_Material provided_.
----
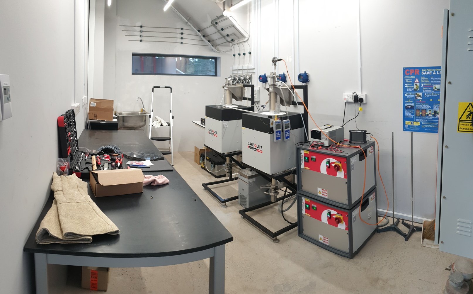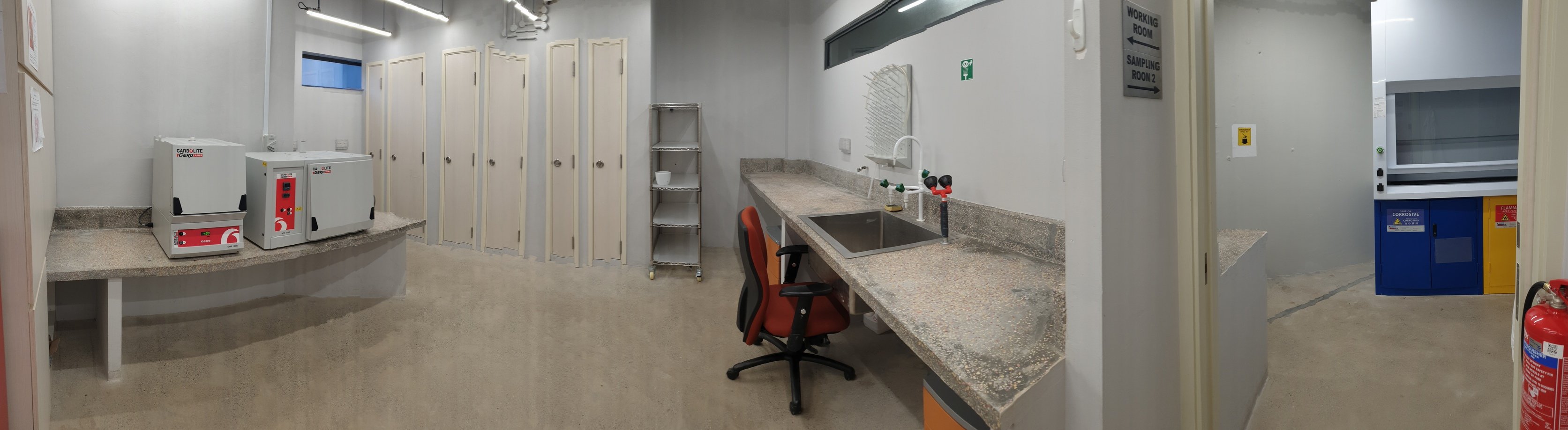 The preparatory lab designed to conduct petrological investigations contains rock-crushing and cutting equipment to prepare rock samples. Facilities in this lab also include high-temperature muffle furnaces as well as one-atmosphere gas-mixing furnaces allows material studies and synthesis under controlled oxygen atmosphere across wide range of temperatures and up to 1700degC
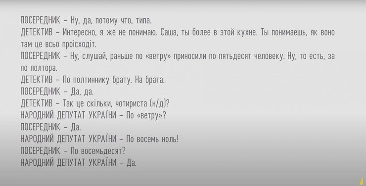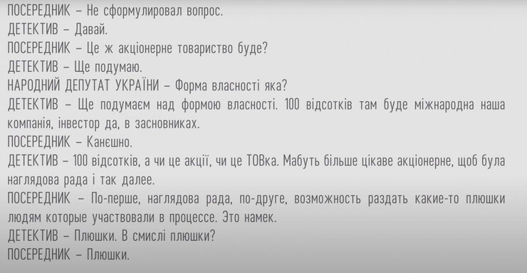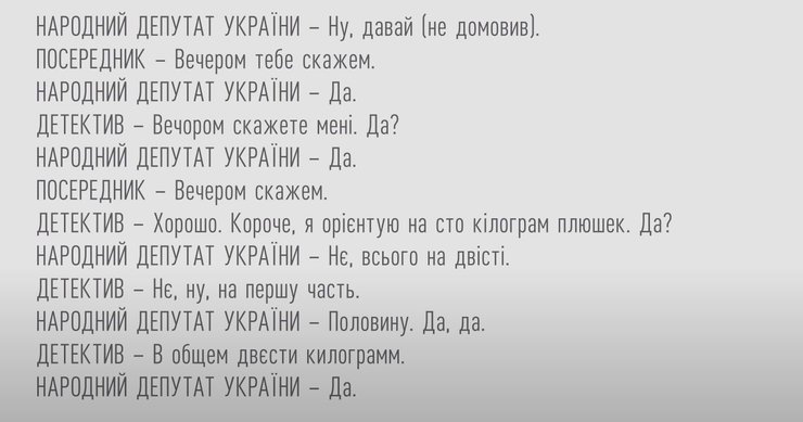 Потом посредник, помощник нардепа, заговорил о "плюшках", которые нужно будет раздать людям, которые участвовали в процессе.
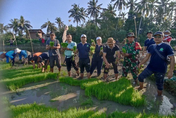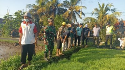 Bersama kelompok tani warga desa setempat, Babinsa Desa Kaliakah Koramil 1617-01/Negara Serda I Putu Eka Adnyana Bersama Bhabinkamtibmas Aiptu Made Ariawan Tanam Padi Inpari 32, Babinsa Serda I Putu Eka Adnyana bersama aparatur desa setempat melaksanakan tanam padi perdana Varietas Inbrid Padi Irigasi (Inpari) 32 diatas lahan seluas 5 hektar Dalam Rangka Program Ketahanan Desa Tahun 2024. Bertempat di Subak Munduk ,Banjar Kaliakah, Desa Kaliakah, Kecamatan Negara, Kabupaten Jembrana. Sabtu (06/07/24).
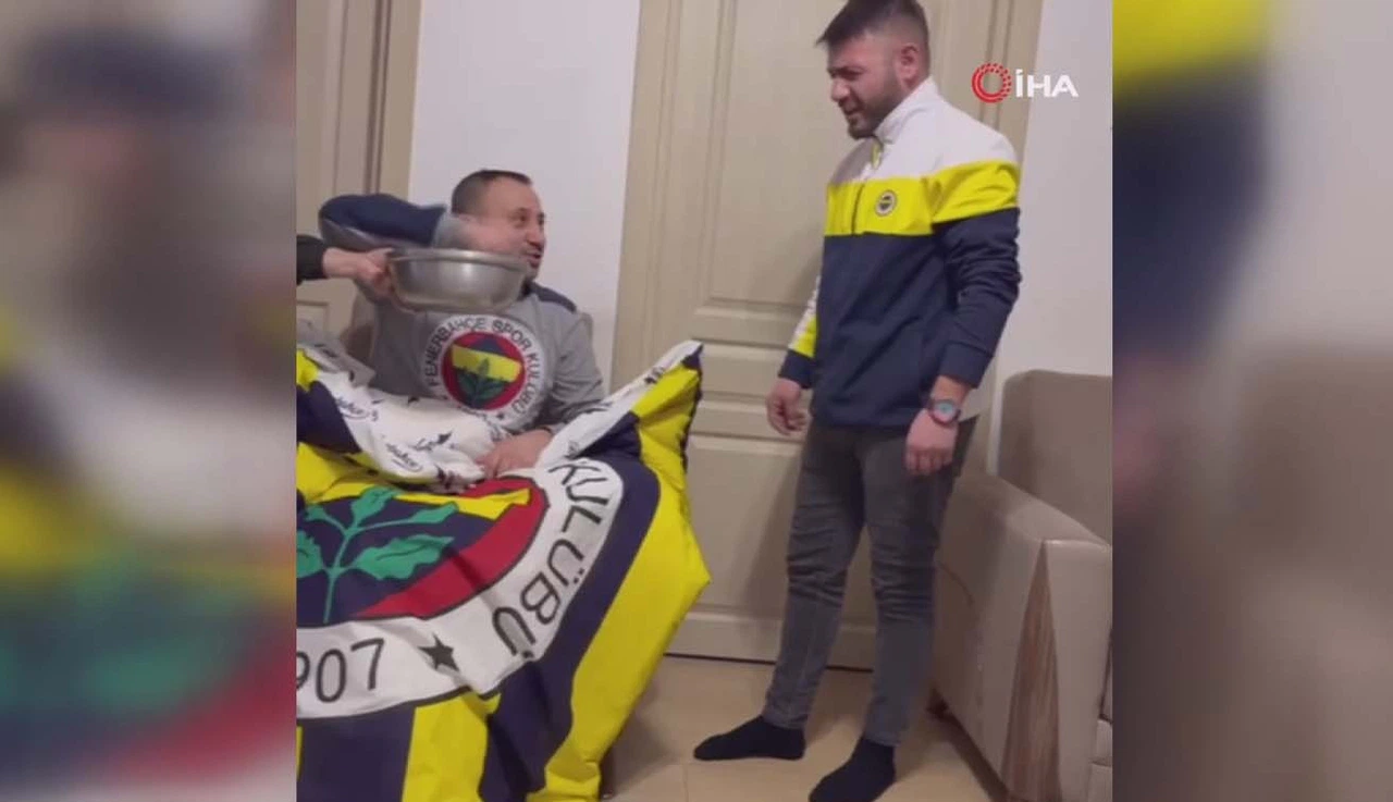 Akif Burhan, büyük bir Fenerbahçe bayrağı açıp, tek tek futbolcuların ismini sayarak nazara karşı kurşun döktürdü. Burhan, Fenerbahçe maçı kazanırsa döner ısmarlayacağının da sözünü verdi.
----
_Task objective_. Please restate the material above line by line, exactly, beginning at its first line and ending with the line that contains "Потом посредник, помощник", without any pictures.

_Solution for this problem_.
 The preparatory lab designed to conduct petrological investigations contains rock-crushing and cutting equipment to prepare rock samples. Facilities in this lab also include high-temperature muffle furnaces as well as one-atmosphere gas-mixing furnaces allows material studies and synthesis under controlled oxygen atmosphere across wide range of temperatures and up to 1700degC
 Потом посредник, помощник нардепа, заговорил о "плюшках", которые нужно будет раздать людям, которые участвовали в процессе.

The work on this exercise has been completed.